С одной стороны, происходит внутреннее перерождение, условно говоря, “старых” сегментов политического класса. Растет предприимчивость и активность номенклатуры, управленческие команды превращаются в некую разновидность мафиозных образований, где лояльность лидеру — выше закона, а критика его
— преступление. Силовые структуры преображаются в отряды наемников разных политиков. Все чаще и чаще физически устраняются политические конкуренты. У ответственных лиц угасает политическая воля к наведению порядка… И так далее.С другой стороны, в сфере управления растет число криминальных объединений и лиц, экспортированных властью из сферы теневой экономики и ставших (по крайней мере, если говорить о верхушке) составной частью правящего класса.
Усиление внутренней однородности этого нового номенклатурно-теневого правящего класса прежде всего проявляется в ряде вполне ожидаемых и уже не вызывающих удивления акций власти. Так, несмотря на пламенные призывы думцев или же постоянные заявления представителей исполнительной власти о борьбе с криминалом, в стране до сих пор не принято эффективных мер противодействия группам организованной преступности, в результате чего мафия не просто активно участвует в перераспределении государственных ресурсов, но и практически пришла к обладанию контрольными пакетами в различных сферах экономики. При этом миролюбие к преступникам, отказ от правового преследования проявляется не только в законодательной сфере, но и подкрепляется иными социальными, технологическими и даже политическими механизмами. Например, даже технически малограмотным людям понятно, что при существующем порядке расчетов службе электронной разведки ФСБ хорошо известны все счета и суммы, уходящие за рубеж, и, стало быть, для того, чтобы бороться с расхитителями общественного богатства, нужна только политическая воля высшего руководства. Но как она там может оказаться, если на высших этажах власти коррупция воспринимается (по крайней мере практически) не как социальное зло или тем более преступление, а как естественный механизм связи экономики и политики и тем самым — управления обществом?

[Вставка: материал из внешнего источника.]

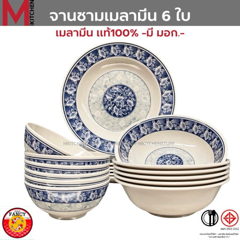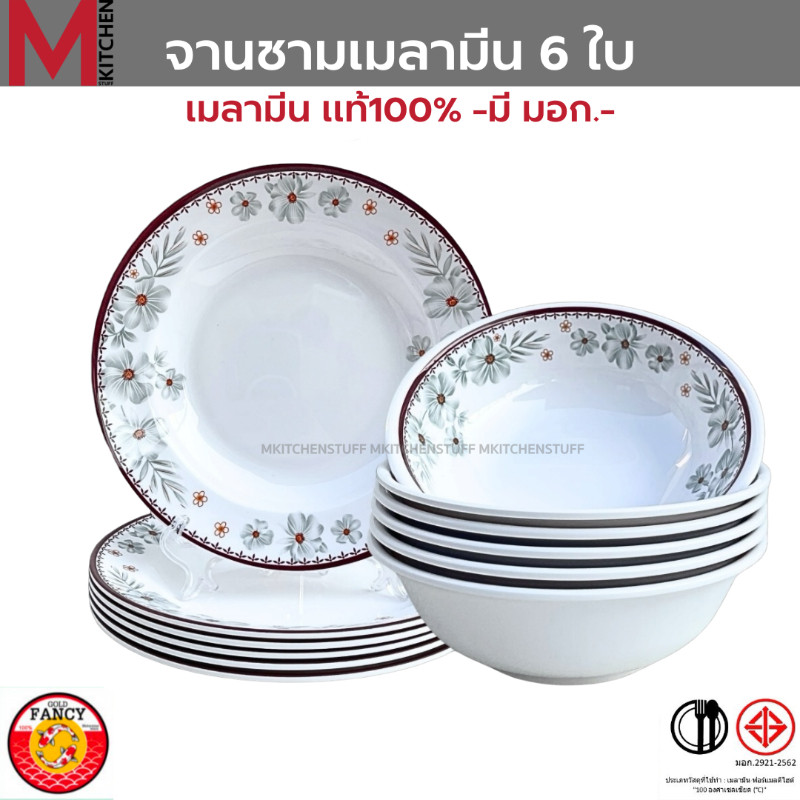 M KITCHEN ชุดจานชาม เมลามีนแท้ 100% 6ใบ จาน ชาม ถ้วย มอก ถูกต้อง (A3)
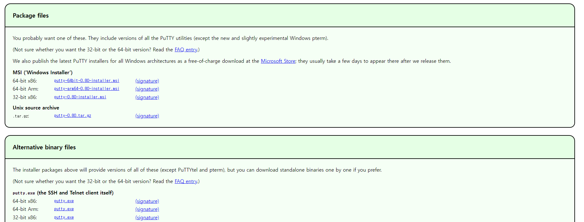 MSI, exe 파일 중 자신의 컴퓨터의 맞는 버전의 putty를 설치해준다.
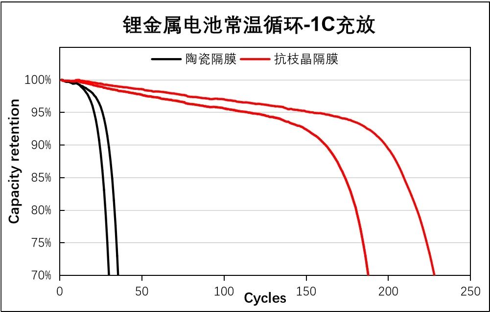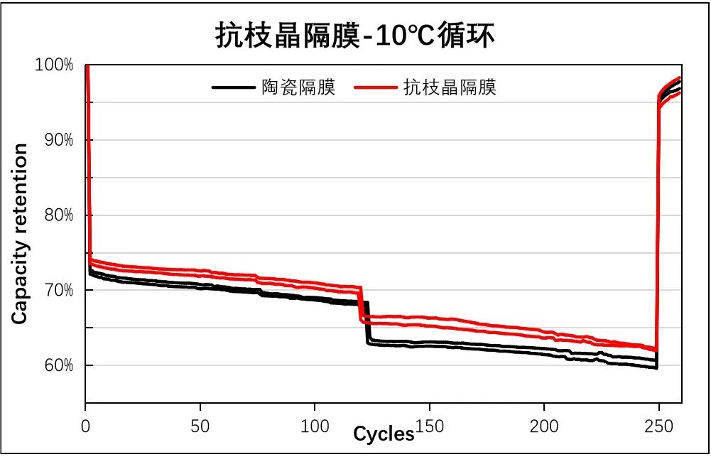 經(jīng)測試,相較于傳統(tǒng)陶瓷隔膜,抗枝晶隔膜能夠提升電池循環(huán)性能、安全性能,在常溫和低溫-10℃下充放電循環(huán)測試表現(xiàn)出明顯優(yōu)勢。
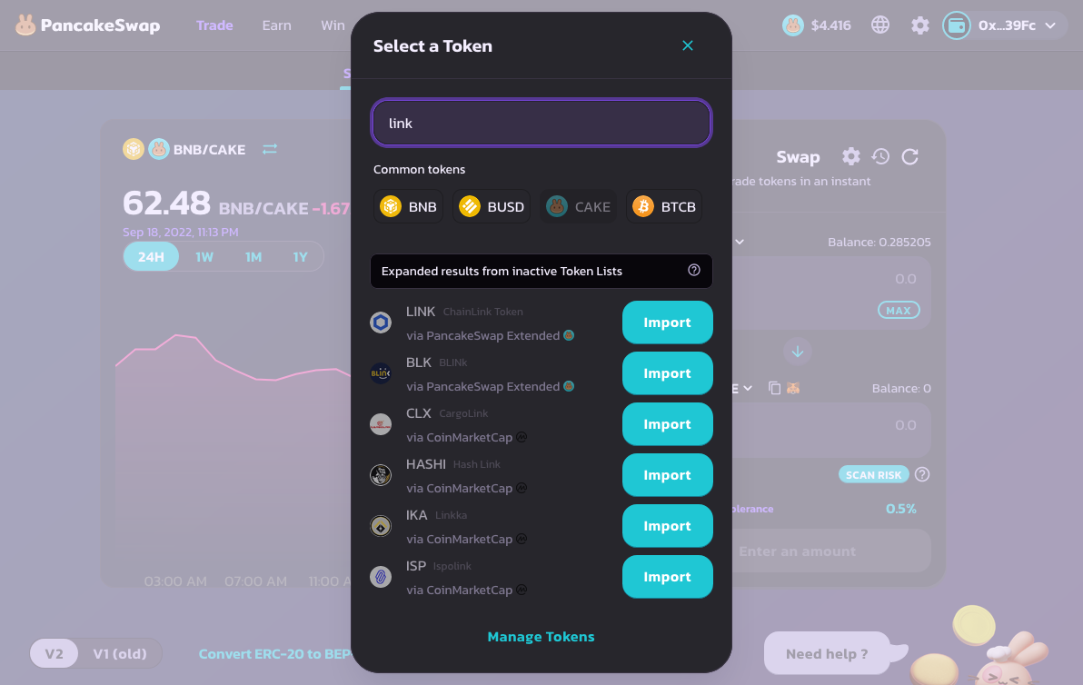 <figure><img src="https://content.gitbook.com/content/BrNnH1lxpRlQwwFmJoqL/blobs/CpYVVq0WmsHMxFjJWVM1/1_Get_LINK_BEP-20_Tokens_04.png" alt=""><figcaption><p>Find the LINK token. You can access this modal by clicking on a token on the Swap screen. Search for LINK. Click Import.</p></figcaption></figure>
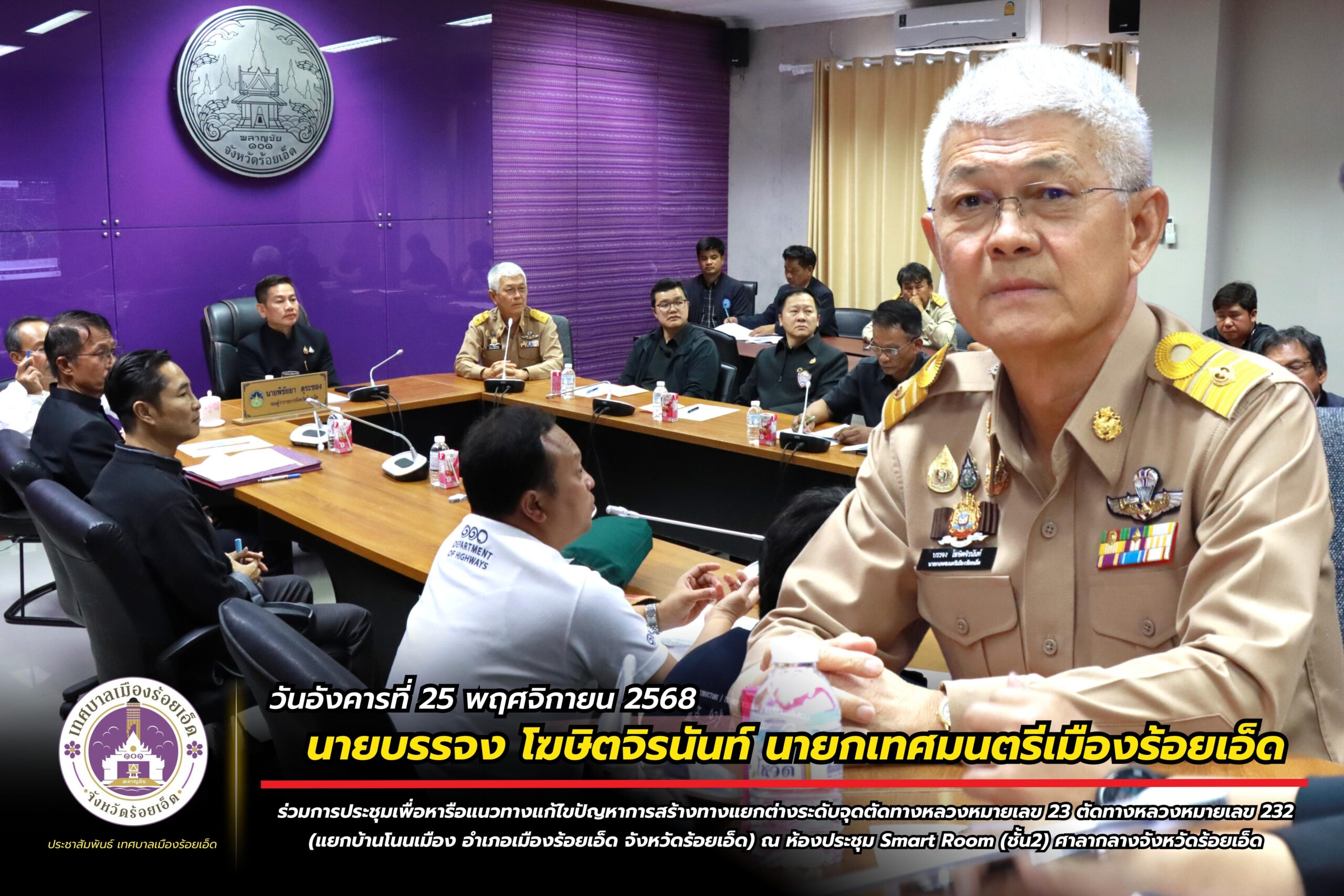 วันอังคารที่ 25 พฤศจิกายน 2568 เวลา 15.00 น. นายบรรจง โฆษิตจิรนันท์ นายกเทศมนตรีเมืองร้อยเอ็ด พร้อมด้วย นายพัฒนพงศ์ ศรีทอง ผู้อำนวยการกองช่าง, นายสันติ ทวีแสง หัวหน้าฝ่ายควบคุมอาคารและผังเมือง ร่วมการประชุมเพื่อหารือแนวทางแก้ไขปัญหาการสร้างทางแยกต่างระดับจุดตัดทางหลวงหมายเลข 23 ตัดทางหลวงหมายเลข 232 (แยกบ้านโนนเมือง อำเภอเมืองร้อยเอ็ด จังหวัดร้อยเอ็ด) ซึ่งมีสำนักก่อสร้างสะพาน กรมทางหลวง และกระทรวงคมนาคม เป็นผู้รับผิดชอบโครงการ โดยมี นายพิชัยยา ตุระซอง รองผู้ว่าราชการจังหวัดร้อยเอ็ด ประประธานการประชุมฯ ในครั้งนี้ พร้อมด้วยหัวหน้าส่วนราชการ, ภาครัฐและเอกชน และหน่วยงานที่เกี่ยวข้อง ณ ห้องประชุม Smart Room (ชั้น2) ศาลากลางจังหวัดร้อยเอ็ด
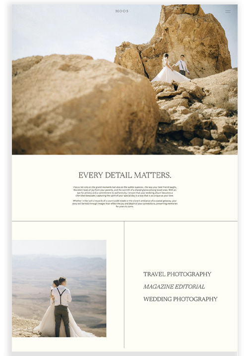 A legjobb felhasználói élmény alapján és marketing szempontok szerint felépített Squarespace weboldal sablonjaim rugalmasak alakíthatók saját stílusodra, illetve tovább bővíthetők aloldalakkal, shop funkcióval, hírlevél küldéssel, időpont foglalóval, stb. Nem sablonos megoldás, egyedi, rád szabott eredmény vár.
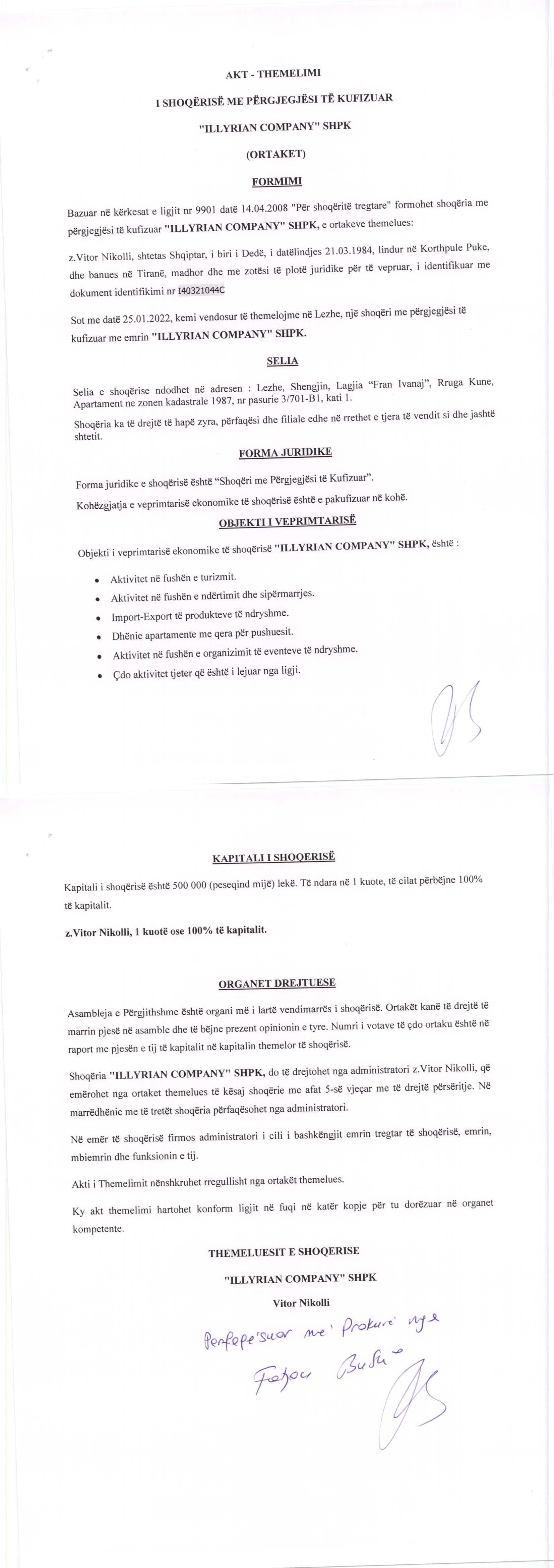 | Emërtime të tjera Tregtare: | "ILLYRIAN COMPANY" SHPK |

Помнится, еще М. Волошин писал в свое время, что в российском “государстве вне закона // Находятся два класса: // Уголовный. // И правящий // Во время революций // Они меняются местами, // В чем по существу нет разницы. // Но каждый, дорвавшийся до власти, сознает // Себя державной осью государства // И злоупотребляет правом грабежа…”. Так что, возможно, и не стоит списывать сегодняшнюю коррупцию и очарованность элитарных слоев криминальной этикой на “трудности переходного периода” или непросвещенность политиков, раз эта традиция с неотвратимостью проявляется в российской политике.
Но как бы там ни было, главное, чего нельзя не заметить: формирование элитарных слоев в российском обществе сегодня принципиально ограничено самоотбором
и самоселекцией. Причем в межгрупповых отношениях в этом “круге первом” не действуют никакие идеологические критерии или законодательные нормы. Они уступили место стандартам корпоративного торга и сговора, этическим воззрениям, оправдывающим абсолютное превосходство тех, кто контролирует власть и не желает делиться с обществом даже ее микроскопическими частями. Ну а поскольку противоборствующие кланы постоянно пытаются, что называется, по-крупному пересмотреть в свою пользу результаты передела собственности, то всякие очередные выборы в законодательные или исполнительные органы власти, которые соперники используют для достижения нового расклада и конфигурации сил, каждый раз объявляются “судьбоносными” для страны, а время — “переломным” для России.В результате всех этих уже очевидных для любого более-менее здравомыслящего обывателя игр в демократию в российском обществе сложился катастрофический раскол власти с населением, образование невиданной ранее пропасти между элитарными и неэлитарными слоями. И эта пропасть постоянно углубляется за счет усиления экономической зависимости обслуживающих элитарные интересы СМИ, отсутствия реакции органов власти на критику общественности и как следствие — усиления собственно полицейских методов разговора с общественностью, произвола властей и особенно ее силовых структур в отношении лиц и объединений, не столько протестующих против государственной политики, сколько слишком сильно тревожащих интересы кланов.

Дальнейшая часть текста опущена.